[Recorded data]
----

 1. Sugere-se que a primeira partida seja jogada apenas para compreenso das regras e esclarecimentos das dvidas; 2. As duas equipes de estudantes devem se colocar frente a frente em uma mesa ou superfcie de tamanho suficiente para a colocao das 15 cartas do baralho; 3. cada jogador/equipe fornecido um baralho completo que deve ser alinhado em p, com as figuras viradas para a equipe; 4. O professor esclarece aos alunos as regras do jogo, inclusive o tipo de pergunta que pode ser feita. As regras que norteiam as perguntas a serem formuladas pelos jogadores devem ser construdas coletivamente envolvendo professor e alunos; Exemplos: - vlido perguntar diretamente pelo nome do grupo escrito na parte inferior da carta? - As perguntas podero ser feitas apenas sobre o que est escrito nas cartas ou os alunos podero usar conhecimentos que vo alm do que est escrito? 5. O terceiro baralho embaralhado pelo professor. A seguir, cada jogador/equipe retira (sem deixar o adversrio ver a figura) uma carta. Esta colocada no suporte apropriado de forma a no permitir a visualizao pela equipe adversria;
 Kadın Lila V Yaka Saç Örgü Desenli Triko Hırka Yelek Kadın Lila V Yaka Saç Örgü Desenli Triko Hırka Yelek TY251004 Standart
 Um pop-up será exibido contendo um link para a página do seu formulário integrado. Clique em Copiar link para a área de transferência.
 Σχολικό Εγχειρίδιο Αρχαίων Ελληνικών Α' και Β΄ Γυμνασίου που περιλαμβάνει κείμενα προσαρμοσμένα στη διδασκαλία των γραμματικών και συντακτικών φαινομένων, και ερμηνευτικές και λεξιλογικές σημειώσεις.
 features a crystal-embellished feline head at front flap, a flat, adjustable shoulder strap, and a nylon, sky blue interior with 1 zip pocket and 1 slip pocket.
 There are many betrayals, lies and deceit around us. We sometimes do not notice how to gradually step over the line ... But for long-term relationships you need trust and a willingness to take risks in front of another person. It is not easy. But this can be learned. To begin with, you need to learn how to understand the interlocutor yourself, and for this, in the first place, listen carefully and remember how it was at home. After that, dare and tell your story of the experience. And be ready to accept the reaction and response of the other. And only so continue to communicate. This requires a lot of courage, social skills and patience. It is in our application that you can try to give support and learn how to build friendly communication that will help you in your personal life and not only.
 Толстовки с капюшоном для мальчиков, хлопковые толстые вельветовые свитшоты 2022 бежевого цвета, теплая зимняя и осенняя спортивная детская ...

----

== EXERCISE GOAL ==
Write the entries out once more, exactly as given.

== THE COMPLETED TASK ==
 1. Sugere-se que a primeira partida seja jogada apenas para compreenso das regras e esclarecimentos das dvidas; 2. As duas equipes de estudantes devem se colocar frente a frente em uma mesa ou superfcie de tamanho suficiente para a colocao das 15 cartas do baralho; 3. cada jogador/equipe fornecido um baralho completo que deve ser alinhado em p, com as figuras viradas para a equipe; 4. O professor esclarece aos alunos as regras do jogo, inclusive o tipo de pergunta que pode ser feita. As regras que norteiam as perguntas a serem formuladas pelos jogadores devem ser construdas coletivamente envolvendo professor e alunos; Exemplos: - vlido perguntar diretamente pelo nome do grupo escrito na parte inferior da carta? - As perguntas podero ser feitas apenas sobre o que est escrito nas cartas ou os alunos podero usar conhecimentos que vo alm do que est escrito? 5. O terceiro baralho embaralhado pelo professor. A seguir, cada jogador/equipe retira (sem deixar o adversrio ver a figura) uma carta. Esta colocada no suporte apropriado de forma a no permitir a visualizao pela equipe adversria;
 Kadın Lila V Yaka Saç Örgü Desenli Triko Hırka Yelek Kadın Lila V Yaka Saç Örgü Desenli Triko Hırka Yelek TY251004 Standart
 Um pop-up será exibido contendo um link para a página do seu formulário integrado. Clique em Copiar link para a área de transferência.
 Σχολικό Εγχειρίδιο Αρχαίων Ελληνικών Α' και Β΄ Γυμνασίου που περιλαμβάνει κείμενα προσαρμοσμένα στη διδασκαλία των γραμματικών και συντακτικών φαινομένων, και ερμηνευτικές και λεξιλογικές σημειώσεις.
 features a crystal-embellished feline head at front flap, a flat, adjustable shoulder strap, and a nylon, sky blue interior with 1 zip pocket and 1 slip pocket.
 There are many betrayals, lies and deceit around us. We sometimes do not notice how to gradually step over the line ... But for long-term relationships you need trust and a willingness to take risks in front of another person. It is not easy. But this can be learned. To begin with, you need to learn how to understand the interlocutor yourself, and for this, in the first place, listen carefully and remember how it was at home. After that, dare and tell your story of the experience. And be ready to accept the reaction and response of the other. And only so continue to communicate. This requires a lot of courage, social skills and patience. It is in our application that you can try to give support and learn how to build friendly communication that will help you in your personal life and not only.
 Толстовки с капюшоном для мальчиков, хлопковые толстые вельветовые свитшоты 2022 бежевого цвета, теплая зимняя и осенняя спортивная детская ...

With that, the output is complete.